Beginning with the line containing "バックポケット裏シングルステッチ、ボタン裏6刻印、セルビッジです。" and ending at the last line of the records, transcribe each line exactly. Do not include pictures.

* _INFORMATION GIVEN_
-=-=-

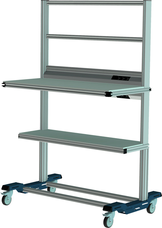 Mobilní pracovní stanice, která je ideální pro použití jako počítačová pracovní stanice se speciálně vyvýšeným pracovním povrchem. Horní plochu CLIP-O-FLEX® lze optimálně vybavit až dvěma držáky monitoru na každé straně. Monitory lze namontovat po obou stranách. Úložná police pro tiskárnu nebo počítač včetně vyhrazeného napájecího zdroje.
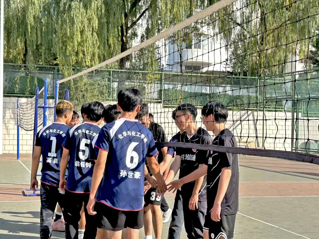 排球队积极组织,进行运动员选拔和训练,以老带新的阵容组成参赛男、女子排球队。在领队孙世豪的带领下,每天积极进行垫球、传接球、技战术等方面的训练,力求以最佳的状态和水平迎接本次的比赛。功夫不负有心人,我们的队员不负众望,男排一路过关斩将,进入决赛。
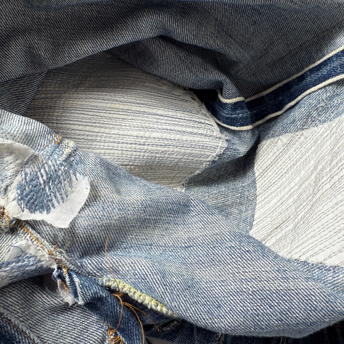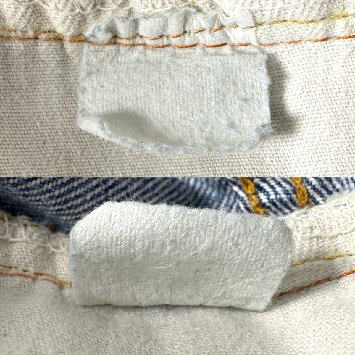 バックポケット裏シングルステッチ、ボタン裏6刻印、セルビッジです。
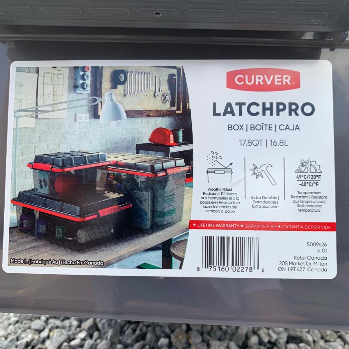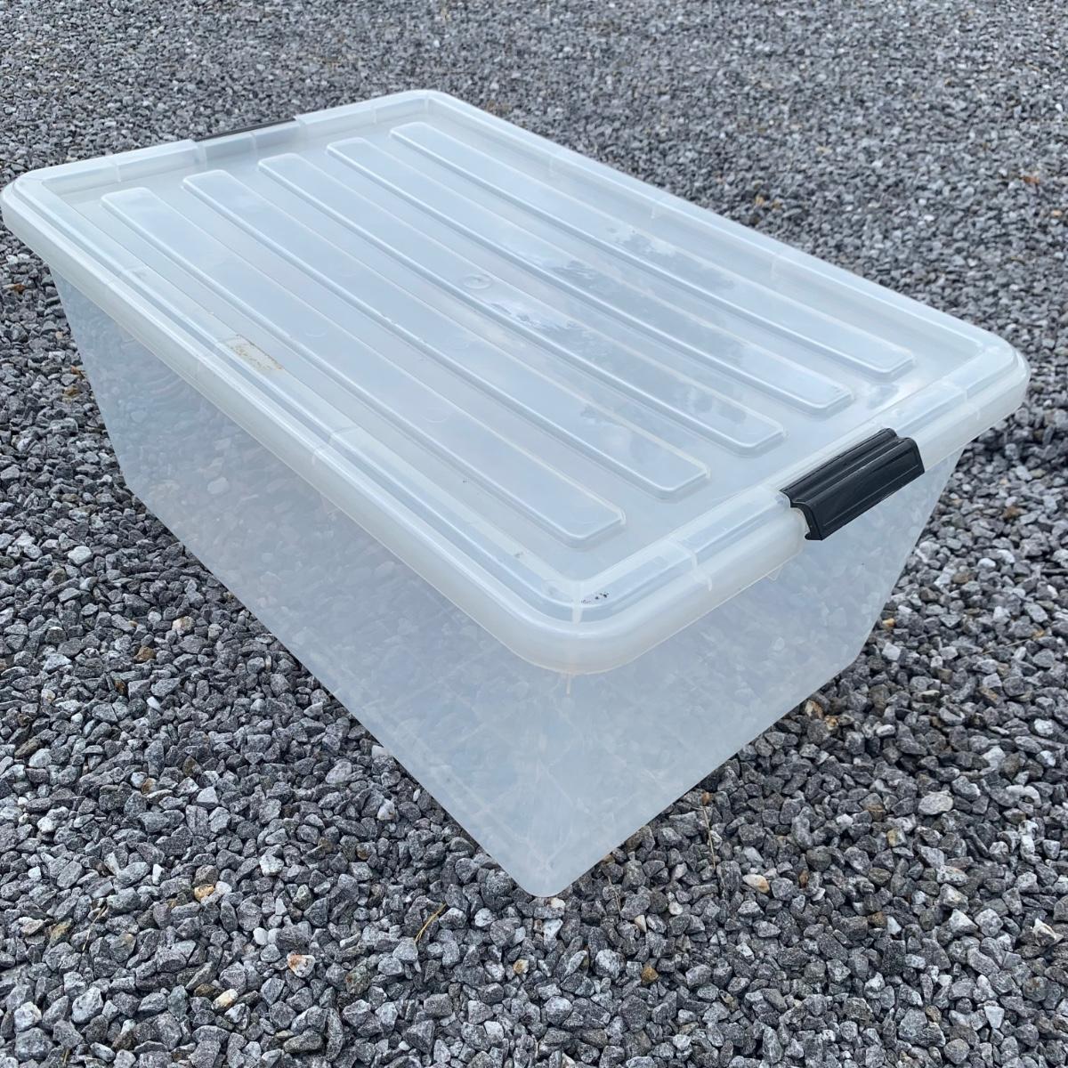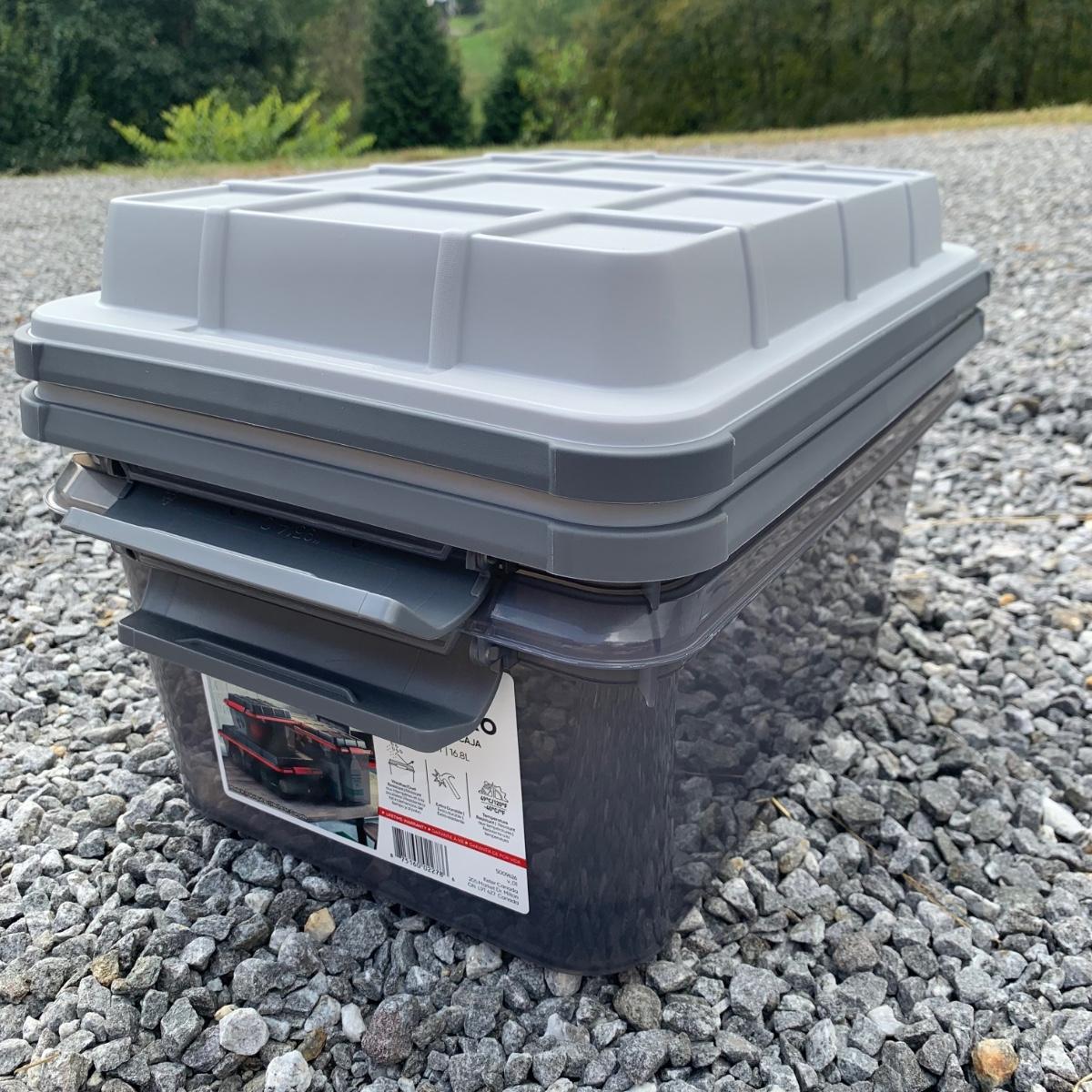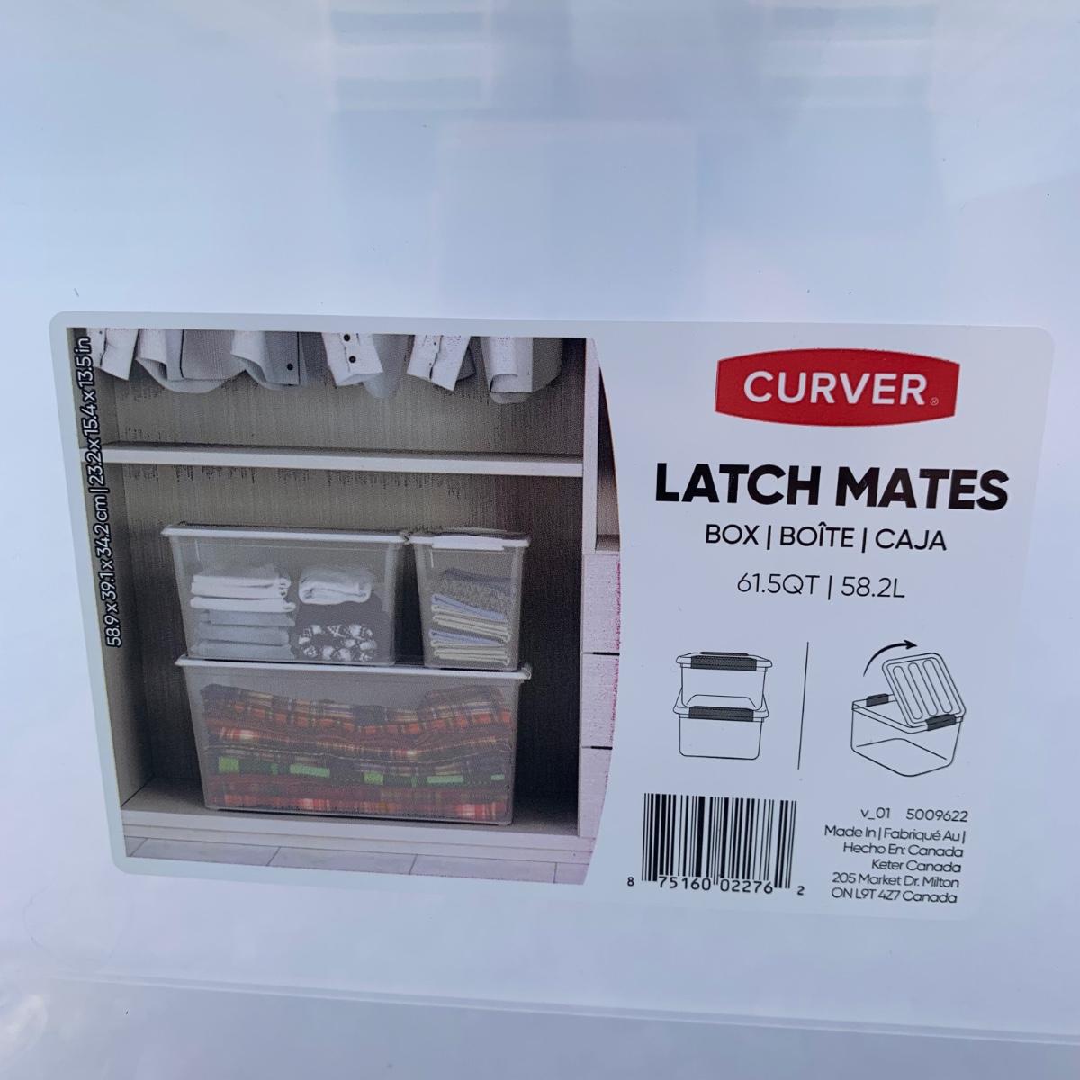 17 storage bins and a Contico storage drawer unit on casters. Each bin has a lid. Some lids latch, some pop on. Please see photos for inventory. The smallest bins are the Curver Latch Pros which are 17.8 qt. The long clear bin with the blue latches is 39” x 20” x 5.5”H.
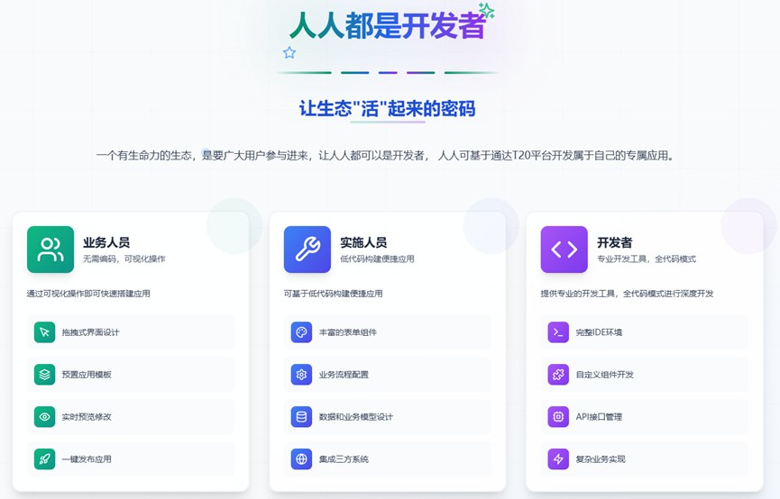 一个有生命力的生态,需要广大用户的积极参与。人人都可以成为开发者,基于通达T20平台开发属于自己的专属应用。“分层开发、协同共创”的模式,让每个角色都能贡献价值。当全组织的创造力被激活,办公系统便不再是“固定不变的工具”,而是“随需生长的有机体”,更富创新性,更契合组织业务发展的节奏。
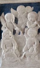 Nella Cappella di San Michele Arcangelo si trova un crocefisso su tavola di Giotto (1312), resto della preesistente chiesa trecentesca. Nella Cappella dei Giochi infantili vi sono dei deliziosi bassorilievi con angeli e putti mentre nella cappella della Madonna dell'Acqua si trovano dei pregiati pilastri che rappresentano profeti e sibille. Sul lato sinistro del tempio è stata realizzata l'arca degli Antenati e dei Discendenti con i bassorilievi di Agostino di Duccio con Minerva tra una schiera di eroi e il Trionfo di Scipione l'Africano. Un dipinto del Vasari rappresentante San Francesco che riceve le stimmate è collocato sopra l'altare del presbiterio.
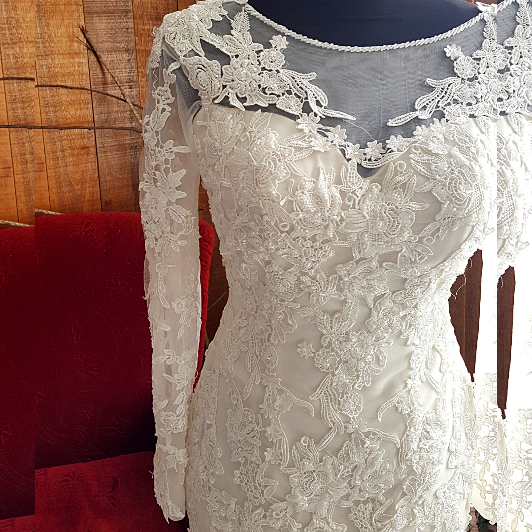 Long sleeves wedding dress in elegant mermaid/trumpet style. Featuring beautiful French embroidered floral lace with swarovski crystals.
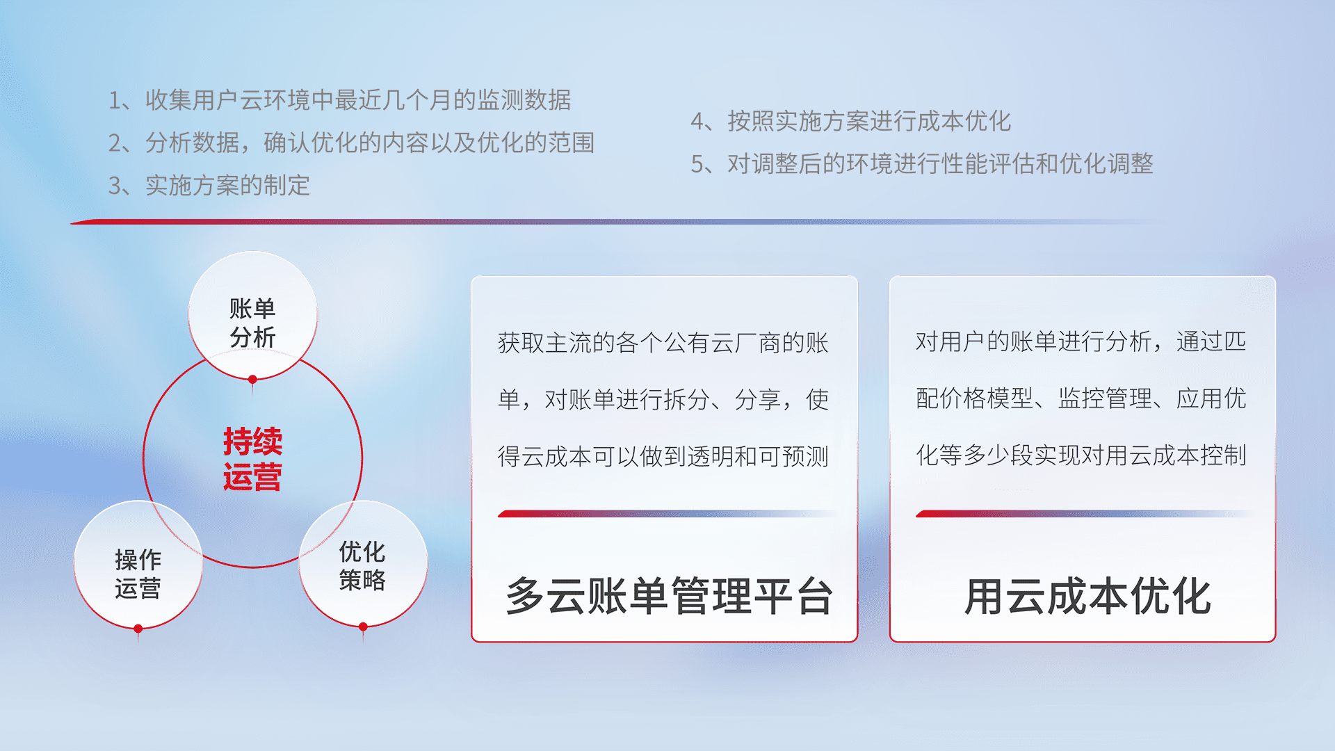 通过多云纳管,,,以统一的资源数据模型把客户的云资源进行抽象和封装,,,进而实现对多云资源的统一操作,,,,保障云资源管理的可靠性、、、稳定性与可用性。。。。量身定制化运维内容,,配置、、、开发运维、、补丁管理、、备份、、、监控、、、认证和访问管理、、、、审计和日常巡检等,,保障在用云过程中的可靠度,,,稳定度以及高可用率。。。。
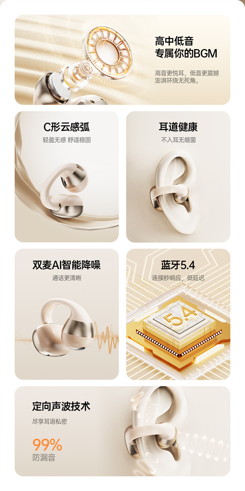 2025新款蓝牙耳机M09耳夹式高颜值久戴不痛不入耳蓝牙无线耳机

-=-=-

* _ANSWER TO THIS TASK_
 バックポケット裏シングルステッチ、ボタン裏6刻印、セルビッジです。
 17 storage bins and a Contico storage drawer unit on casters. Each bin has a lid. Some lids latch, some pop on. Please see photos for inventory. The smallest bins are the Curver Latch Pros which are 17.8 qt. The long clear bin with the blue latches is 39” x 20” x 5.5”H.
 一个有生命力的生态,需要广大用户的积极参与。人人都可以成为开发者,基于通达T20平台开发属于自己的专属应用。“分层开发、协同共创”的模式,让每个角色都能贡献价值。当全组织的创造力被激活,办公系统便不再是“固定不变的工具”,而是“随需生长的有机体”,更富创新性,更契合组织业务发展的节奏。
 Nella Cappella di San Michele Arcangelo si trova un crocefisso su tavola di Giotto (1312), resto della preesistente chiesa trecentesca. Nella Cappella dei Giochi infantili vi sono dei deliziosi bassorilievi con angeli e putti mentre nella cappella della Madonna dell'Acqua si trovano dei pregiati pilastri che rappresentano profeti e sibille. Sul lato sinistro del tempio è stata realizzata l'arca degli Antenati e dei Discendenti con i bassorilievi di Agostino di Duccio con Minerva tra una schiera di eroi e il Trionfo di Scipione l'Africano. Un dipinto del Vasari rappresentante San Francesco che riceve le stimmate è collocato sopra l'altare del presbiterio.
 Long sleeves wedding dress in elegant mermaid/trumpet style. Featuring beautiful French embroidered floral lace with swarovski crystals.
 通过多云纳管,,,以统一的资源数据模型把客户的云资源进行抽象和封装,,,进而实现对多云资源的统一操作,,,,保障云资源管理的可靠性、、、稳定性与可用性。。。。量身定制化运维内容,,配置、、、开发运维、、补丁管理、、备份、、、监控、、、认证和访问管理、、、、审计和日常巡检等,,保障在用云过程中的可靠度,,,稳定度以及高可用率。。。。
 2025新款蓝牙耳机M09耳夹式高颜值久戴不痛不入耳蓝牙无线耳机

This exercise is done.